Instructions to follow: Stop after the line that contains "Levering zonder apart". Until then, retype each line of the entries exactly from the first one, skipping pictures.

(Data extract Opens)

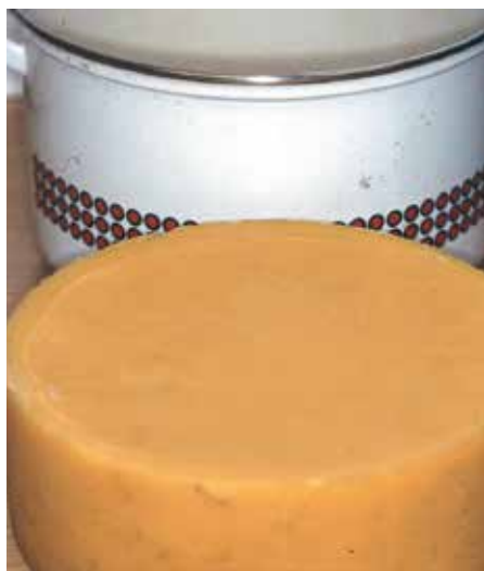
Kleinmengen Wachs lassen sich mit etwas Wasser gut in Emailletöpfen reinigen. Topf auf der Herdplatte erkalten lassen
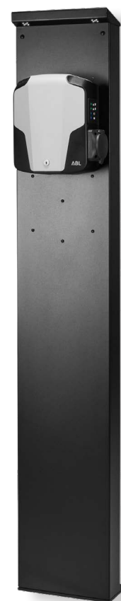
Levering zonder apart verkrijgbare wallbox eMH1

De zuil POLEMH1 wordt gebruikt voor de montage van alle Wallboxen eMH1 van ABL. De POLEMH1 overtuigt door zijn aantrekkelijke en compacte metalen behuizing met behuizingsdeur aan de achterkant om de inbouwcomponenten te beveiligen. Het WPR12 beschuttingsdak en de CABHOLD laadkabelhouder zijn qua kleur op de zuil afgestemd (RAL 9011) zodat harmoniëren met het laadpunt. Dankzij de in het bovendeeel geïntegreerde LEDs met schemeringssensor wordt de wallbox voldoende verlicht, ook bij slechte lichtomstandigheden. Klinkmoeren zijn standaard gezet en afgedekt met blindstoppen, zodat achteraf boren niet nodig is. De stele is voorgeïnstalleerd dankzij de geïntegreerde aansluitklemmen. Voor een stabiele plaatsing adviseert ABL om de zuil op het optioneel verkrijgbare betonfundament EMH9999 te monteren.
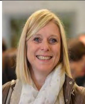
Sra. Eliane Tillieux

Presidenta de la Cámara de Representantes de Bélgica
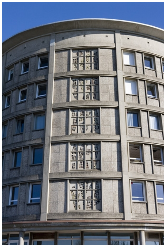
Bâtiment D. Tour internat. Détail vitrail.

(Data extract Closes)

Written solution:
Kleinmengen Wachs lassen sich mit etwas Wasser gut in Emailletöpfen reinigen. Topf auf der Herdplatte erkalten lassen
Levering zonder apart verkrijgbare wallbox eMH1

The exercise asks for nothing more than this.